Pharmaceutical companies never promoted it

This physician, who worked at one of the top hospitals in New York, explained that the procedure was proven safe in clinical trials but never caught on in the medical field. That was because pharmaceutical companies never promoted it. They were too invested in antihistamines, sprays and other costly products. (According to marketresearchfuture.com, the global market for antihistamines is expected to reach $280 million by 2023.)

So as caregivers to patients who are humanely entitled to the best MS treatment possible, we must trust medical science, but we must also ask questions to verify that the right specialists are treating MS and that they are recommending the best available therapies.

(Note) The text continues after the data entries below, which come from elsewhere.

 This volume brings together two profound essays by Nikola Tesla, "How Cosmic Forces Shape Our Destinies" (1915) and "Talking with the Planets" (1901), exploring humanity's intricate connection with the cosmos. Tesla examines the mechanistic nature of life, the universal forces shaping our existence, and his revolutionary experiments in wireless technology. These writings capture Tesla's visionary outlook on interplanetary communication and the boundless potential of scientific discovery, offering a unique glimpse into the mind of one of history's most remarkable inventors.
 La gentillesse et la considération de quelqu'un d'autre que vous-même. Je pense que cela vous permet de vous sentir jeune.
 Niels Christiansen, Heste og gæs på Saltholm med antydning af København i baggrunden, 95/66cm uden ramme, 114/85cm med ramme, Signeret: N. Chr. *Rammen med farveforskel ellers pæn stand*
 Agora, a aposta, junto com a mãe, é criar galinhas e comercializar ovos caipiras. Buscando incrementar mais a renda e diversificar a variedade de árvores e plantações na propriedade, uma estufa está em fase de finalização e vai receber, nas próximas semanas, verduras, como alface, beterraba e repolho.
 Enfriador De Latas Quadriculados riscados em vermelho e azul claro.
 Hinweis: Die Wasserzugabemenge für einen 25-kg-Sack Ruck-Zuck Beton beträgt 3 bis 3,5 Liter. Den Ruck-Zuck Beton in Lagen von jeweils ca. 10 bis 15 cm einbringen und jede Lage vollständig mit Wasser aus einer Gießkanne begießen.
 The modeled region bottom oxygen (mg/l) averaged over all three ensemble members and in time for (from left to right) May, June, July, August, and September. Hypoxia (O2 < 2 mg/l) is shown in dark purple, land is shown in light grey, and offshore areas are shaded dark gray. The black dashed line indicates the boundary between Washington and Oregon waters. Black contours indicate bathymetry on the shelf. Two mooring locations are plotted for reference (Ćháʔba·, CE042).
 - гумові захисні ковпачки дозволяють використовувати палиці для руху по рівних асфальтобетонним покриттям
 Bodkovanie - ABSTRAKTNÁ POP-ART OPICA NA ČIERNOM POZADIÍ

This article represents the opinions, thoughts, and experiences of the author; none of this content has been paid for by any advertiser. The MultipleSclerosis.net team does not recommend or endorse any products or treatments discussed herein. Learn more about how we maintain editorial integrity here.

Comments

  • Kim Dolce moderator
    9 months ago

    Gary, what a great article! You gave me several things to research and think about. Thank you so much for this, it’s going to inspire a lot of patients to ask some new questions. –Kim

  • Donna Steigleder moderator
    9 months ago

    Gary, thanks for writing this. I agree with you completely. Now that my husband’s neurologist classifies him as having secondary progressive MS, he just gives him medication and doesn’t show interest in seeing what he can do to help him improve. We’re looking for new options but trying to find someone who is progressive and an option that insurance will pay is difficult as you well know. Thanks for sharing. Donna S.